What you need to do: Should an entry include a picture, omit the picture and still repeat everything else exactly.

Records shown:

╭──

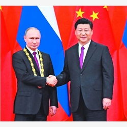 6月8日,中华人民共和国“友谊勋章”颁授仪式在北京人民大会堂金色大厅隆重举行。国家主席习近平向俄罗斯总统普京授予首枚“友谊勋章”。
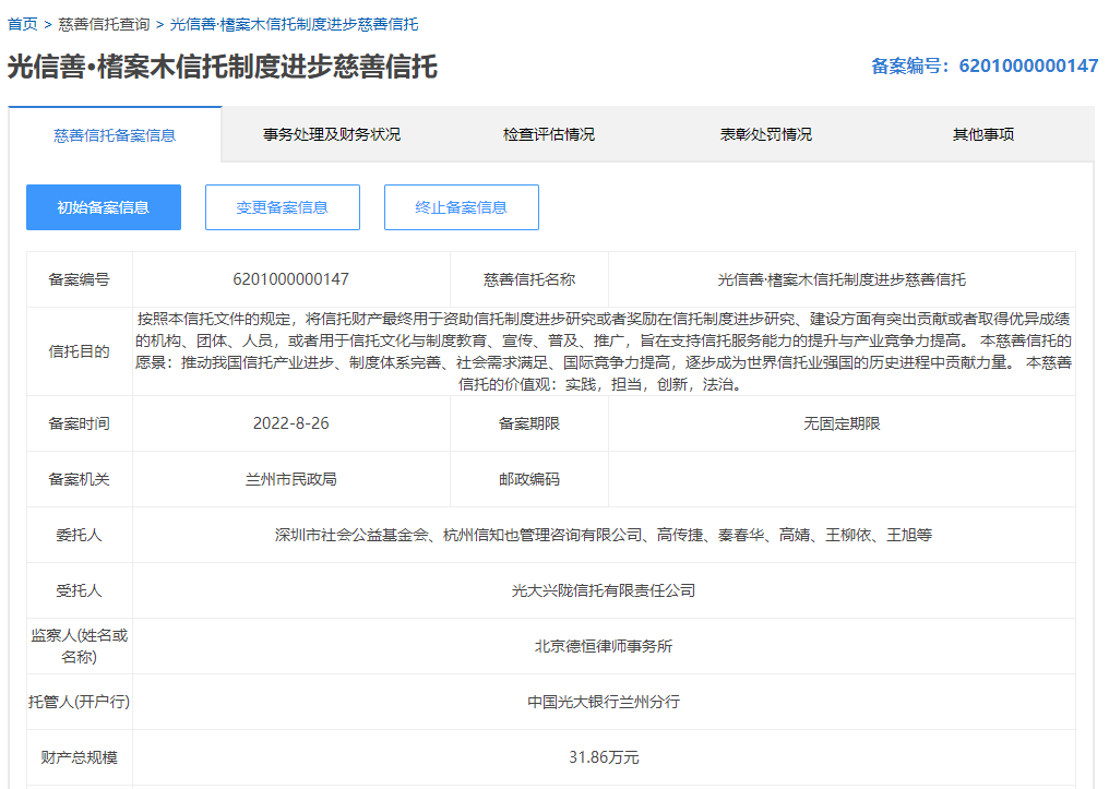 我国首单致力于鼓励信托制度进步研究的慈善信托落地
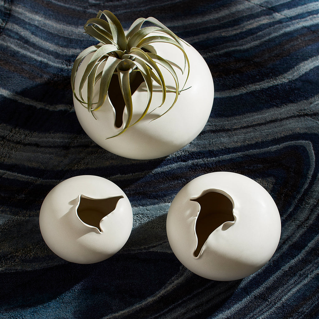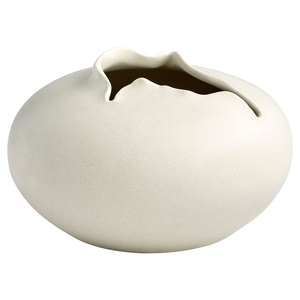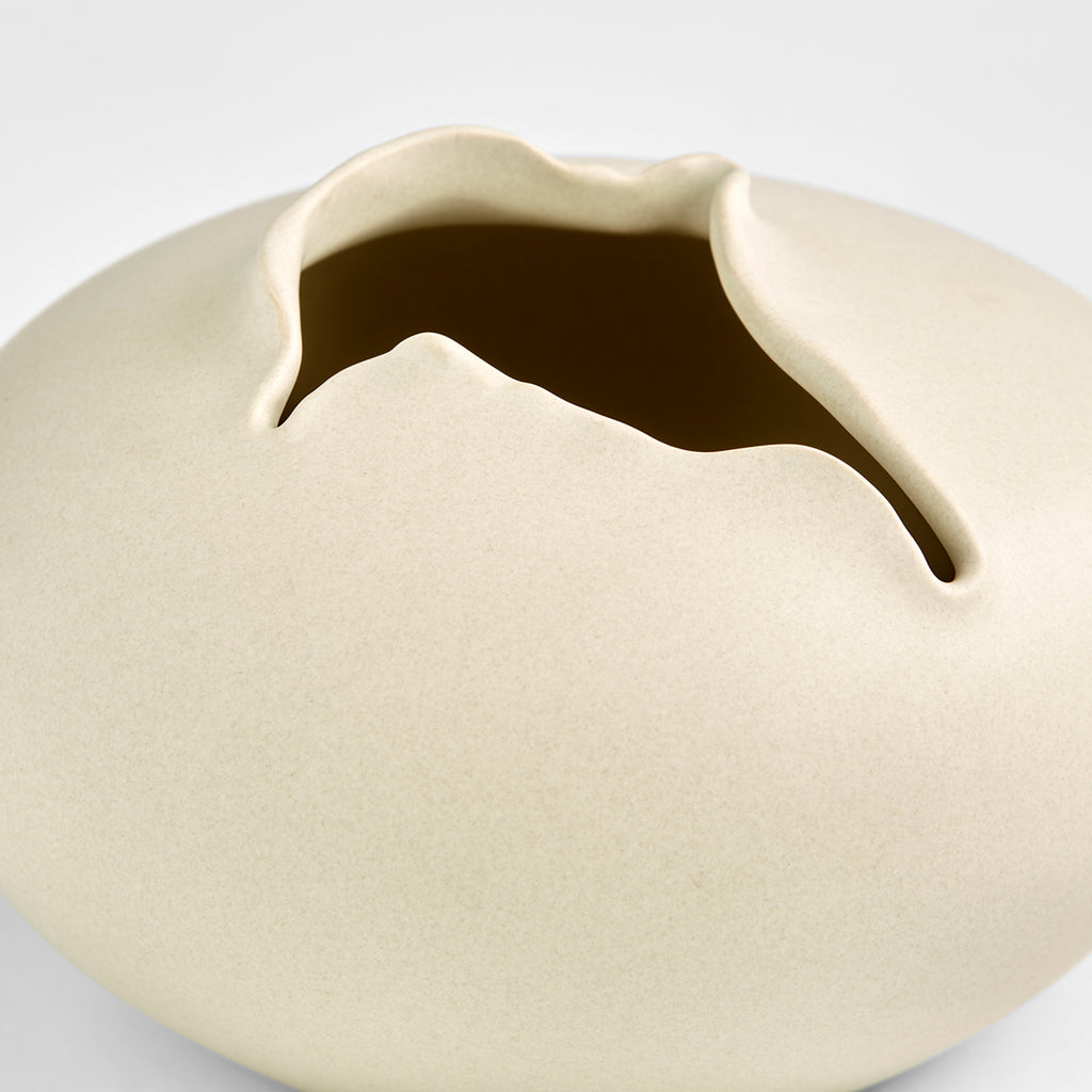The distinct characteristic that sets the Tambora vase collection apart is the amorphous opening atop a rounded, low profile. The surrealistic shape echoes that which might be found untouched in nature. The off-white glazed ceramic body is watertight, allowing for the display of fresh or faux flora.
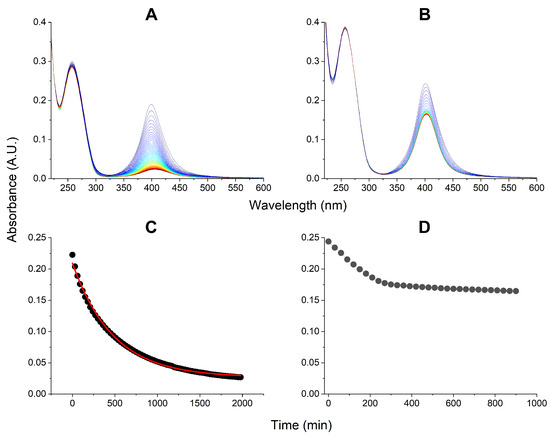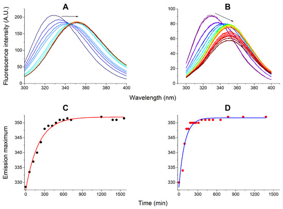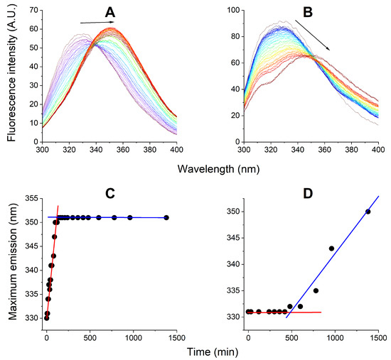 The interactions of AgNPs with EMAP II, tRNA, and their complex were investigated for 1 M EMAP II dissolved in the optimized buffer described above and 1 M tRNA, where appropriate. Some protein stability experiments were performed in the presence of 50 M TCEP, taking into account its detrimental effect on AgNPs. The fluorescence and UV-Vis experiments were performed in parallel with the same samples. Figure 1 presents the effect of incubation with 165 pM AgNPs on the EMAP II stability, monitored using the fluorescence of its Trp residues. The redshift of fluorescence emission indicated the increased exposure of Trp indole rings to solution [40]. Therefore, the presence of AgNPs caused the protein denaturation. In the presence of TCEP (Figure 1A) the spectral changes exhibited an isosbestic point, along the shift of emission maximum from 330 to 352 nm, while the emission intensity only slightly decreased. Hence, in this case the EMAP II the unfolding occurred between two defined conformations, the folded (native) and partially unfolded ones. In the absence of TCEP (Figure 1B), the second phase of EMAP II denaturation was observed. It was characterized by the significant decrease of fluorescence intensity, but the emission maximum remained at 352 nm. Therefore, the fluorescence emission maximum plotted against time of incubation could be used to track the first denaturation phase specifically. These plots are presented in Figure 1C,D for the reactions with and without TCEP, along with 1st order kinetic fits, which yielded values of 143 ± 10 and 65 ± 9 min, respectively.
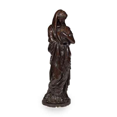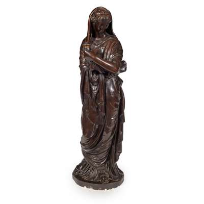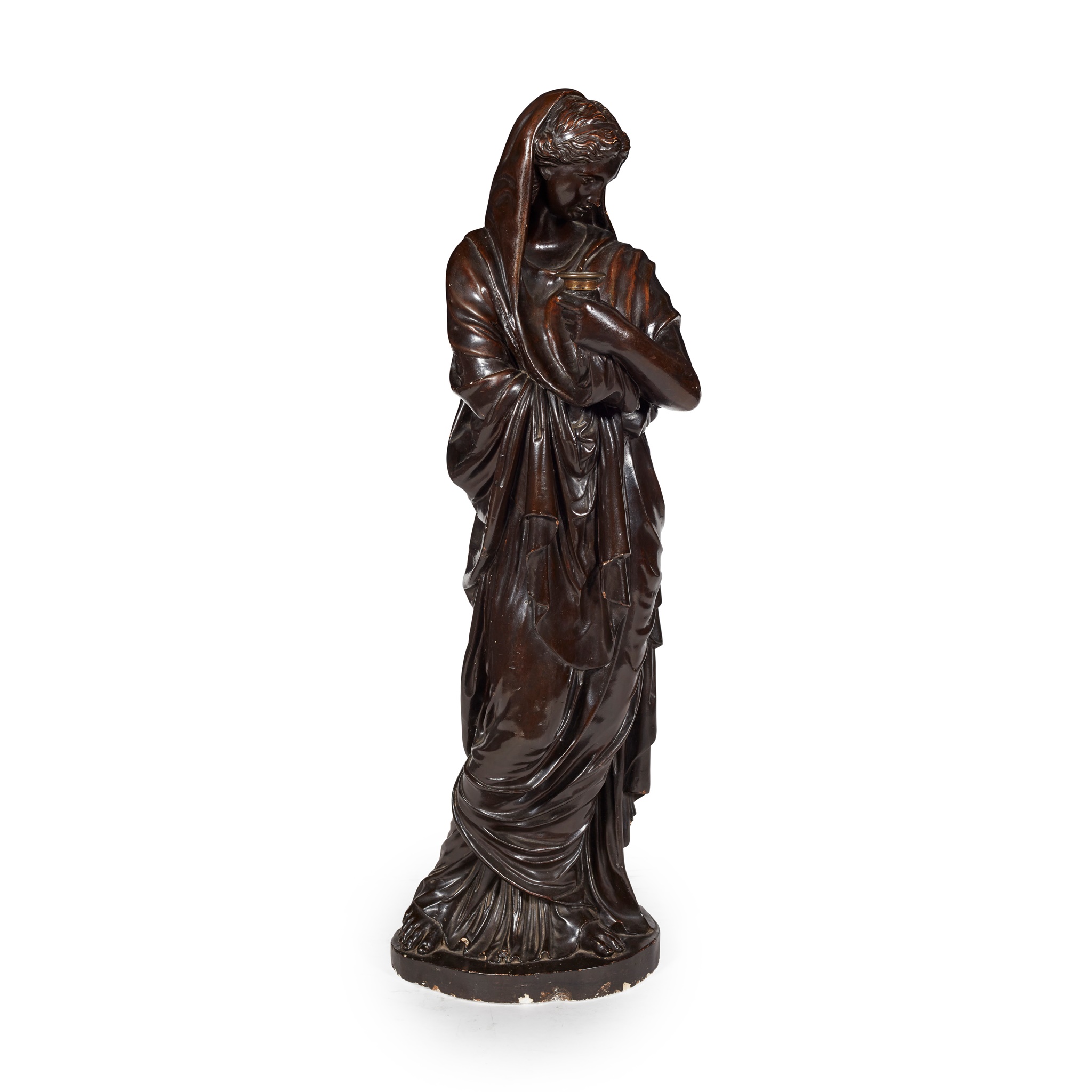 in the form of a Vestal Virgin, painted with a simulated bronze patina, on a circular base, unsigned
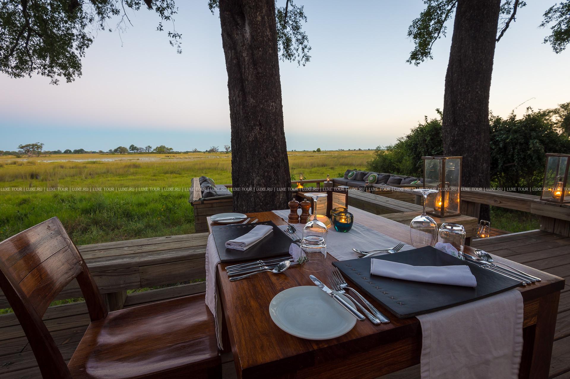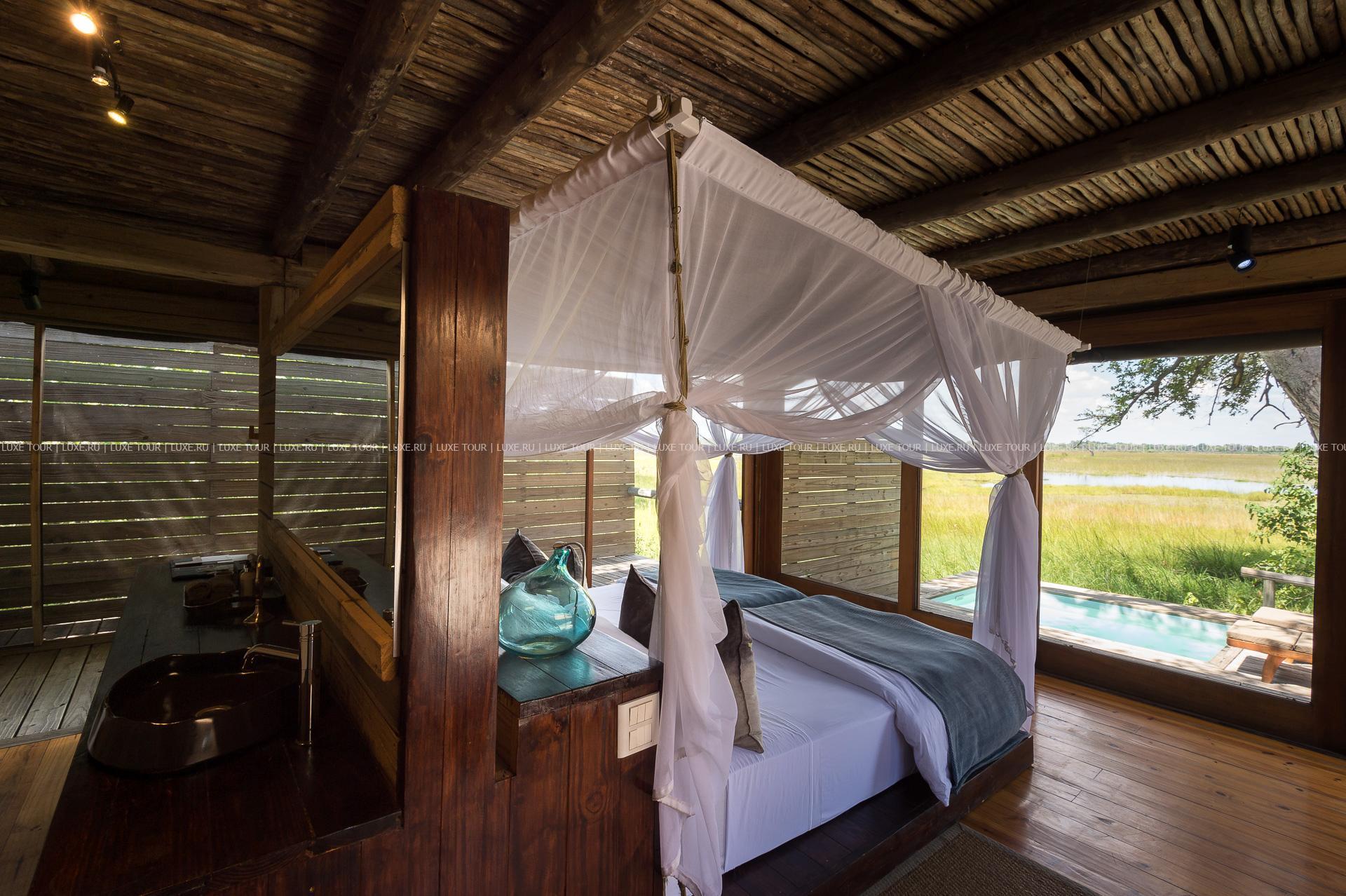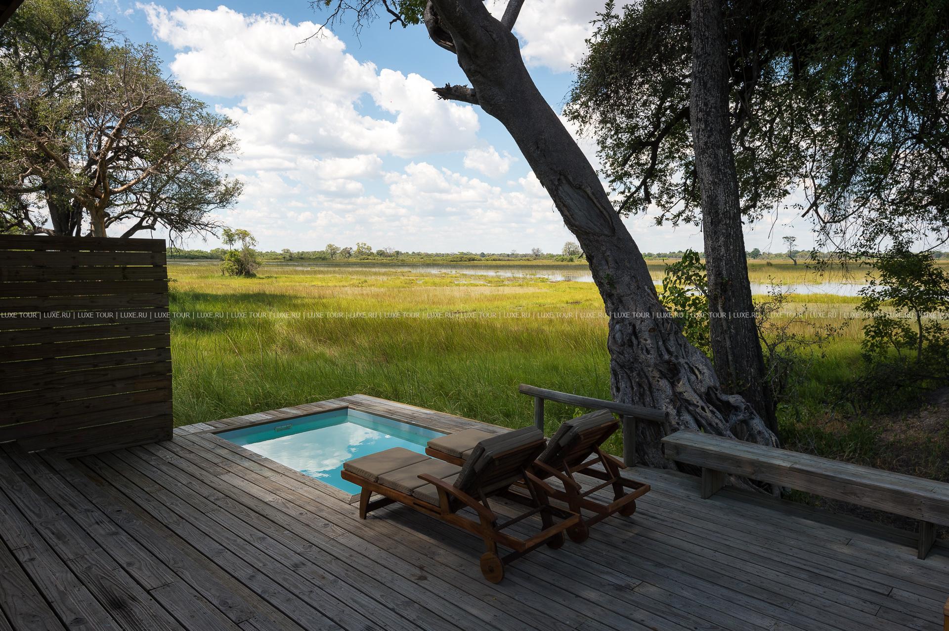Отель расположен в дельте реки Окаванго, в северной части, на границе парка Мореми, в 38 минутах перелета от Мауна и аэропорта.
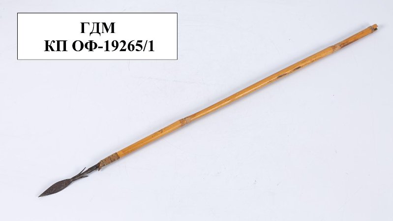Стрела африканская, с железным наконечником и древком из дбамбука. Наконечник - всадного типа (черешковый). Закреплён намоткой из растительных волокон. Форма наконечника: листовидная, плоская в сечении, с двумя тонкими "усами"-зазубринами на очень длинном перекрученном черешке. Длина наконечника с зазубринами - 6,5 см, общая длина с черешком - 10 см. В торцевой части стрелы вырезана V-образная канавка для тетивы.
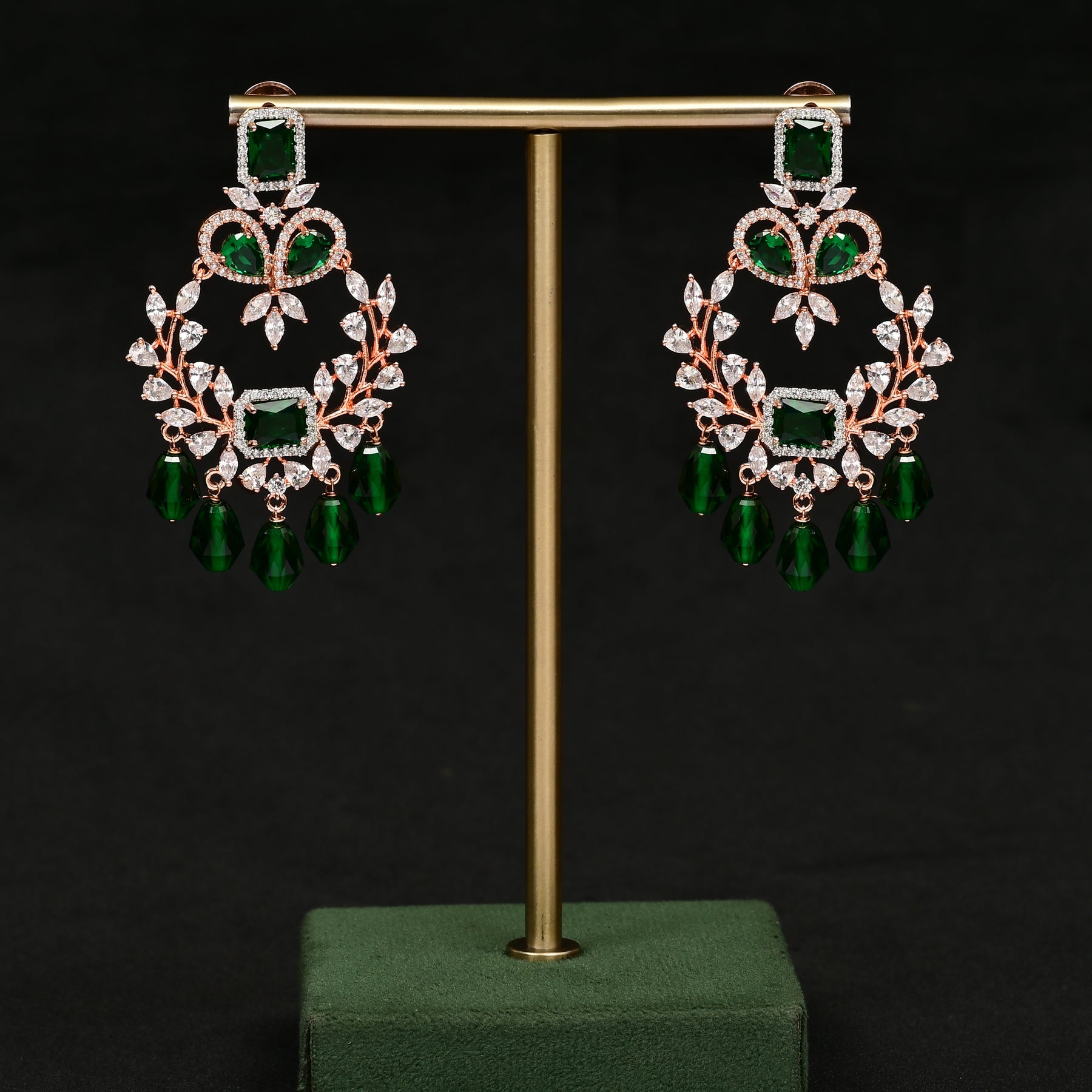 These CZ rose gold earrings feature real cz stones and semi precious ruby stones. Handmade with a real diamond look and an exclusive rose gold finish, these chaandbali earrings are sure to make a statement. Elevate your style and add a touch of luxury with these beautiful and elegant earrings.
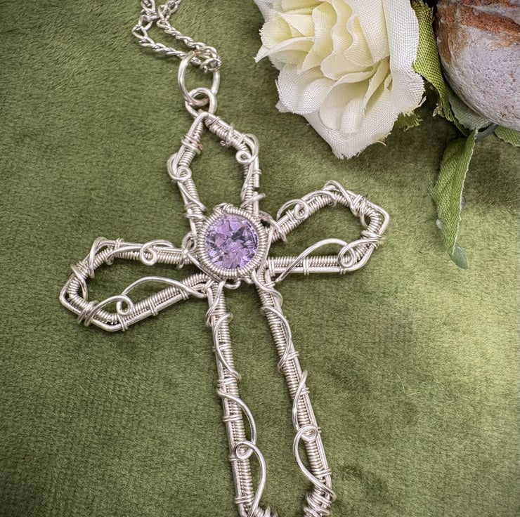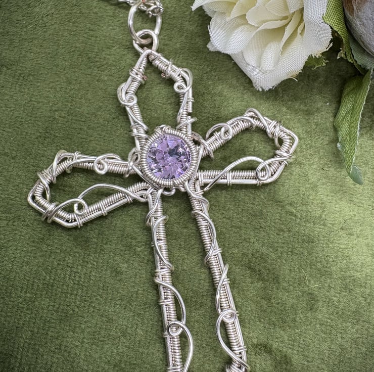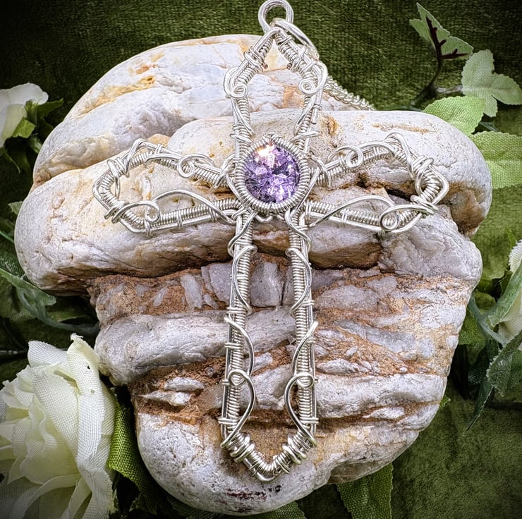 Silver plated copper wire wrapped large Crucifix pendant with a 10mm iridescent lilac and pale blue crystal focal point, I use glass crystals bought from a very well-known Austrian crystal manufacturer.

╰──

Reply:
 6月8日,中华人民共和国“友谊勋章”颁授仪式在北京人民大会堂金色大厅隆重举行。国家主席习近平向俄罗斯总统普京授予首枚“友谊勋章”。
 我国首单致力于鼓励信托制度进步研究的慈善信托落地
The distinct characteristic that sets the Tambora vase collection apart is the amorphous opening atop a rounded, low profile. The surrealistic shape echoes that which might be found untouched in nature. The off-white glazed ceramic body is watertight, allowing for the display of fresh or faux flora.
 The interactions of AgNPs with EMAP II, tRNA, and their complex were investigated for 1 M EMAP II dissolved in the optimized buffer described above and 1 M tRNA, where appropriate. Some protein stability experiments were performed in the presence of 50 M TCEP, taking into account its detrimental effect on AgNPs. The fluorescence and UV-Vis experiments were performed in parallel with the same samples. Figure 1 presents the effect of incubation with 165 pM AgNPs on the EMAP II stability, monitored using the fluorescence of its Trp residues. The redshift of fluorescence emission indicated the increased exposure of Trp indole rings to solution [40]. Therefore, the presence of AgNPs caused the protein denaturation. In the presence of TCEP (Figure 1A) the spectral changes exhibited an isosbestic point, along the shift of emission maximum from 330 to 352 nm, while the emission intensity only slightly decreased. Hence, in this case the EMAP II the unfolding occurred between two defined conformations, the folded (native) and partially unfolded ones. In the absence of TCEP (Figure 1B), the second phase of EMAP II denaturation was observed. It was characterized by the significant decrease of fluorescence intensity, but the emission maximum remained at 352 nm. Therefore, the fluorescence emission maximum plotted against time of incubation could be used to track the first denaturation phase specifically. These plots are presented in Figure 1C,D for the reactions with and without TCEP, along with 1st order kinetic fits, which yielded values of 143 ± 10 and 65 ± 9 min, respectively.
 in the form of a Vestal Virgin, painted with a simulated bronze patina, on a circular base, unsigned
Отель расположен в дельте реки Окаванго, в северной части, на границе парка Мореми, в 38 минутах перелета от Мауна и аэропорта.
Стрела африканская, с железным наконечником и древком из дбамбука. Наконечник - всадного типа (черешковый). Закреплён намоткой из растительных волокон. Форма наконечника: листовидная, плоская в сечении, с двумя тонкими "усами"-зазубринами на очень длинном перекрученном черешке. Длина наконечника с зазубринами - 6,5 см, общая длина с черешком - 10 см. В торцевой части стрелы вырезана V-образная канавка для тетивы.
 These CZ rose gold earrings feature real cz stones and semi precious ruby stones. Handmade with a real diamond look and an exclusive rose gold finish, these chaandbali earrings are sure to make a statement. Elevate your style and add a touch of luxury with these beautiful and elegant earrings.
 Silver plated copper wire wrapped large Crucifix pendant with a 10mm iridescent lilac and pale blue crystal focal point, I use glass crystals bought from a very well-known Austrian crystal manufacturer.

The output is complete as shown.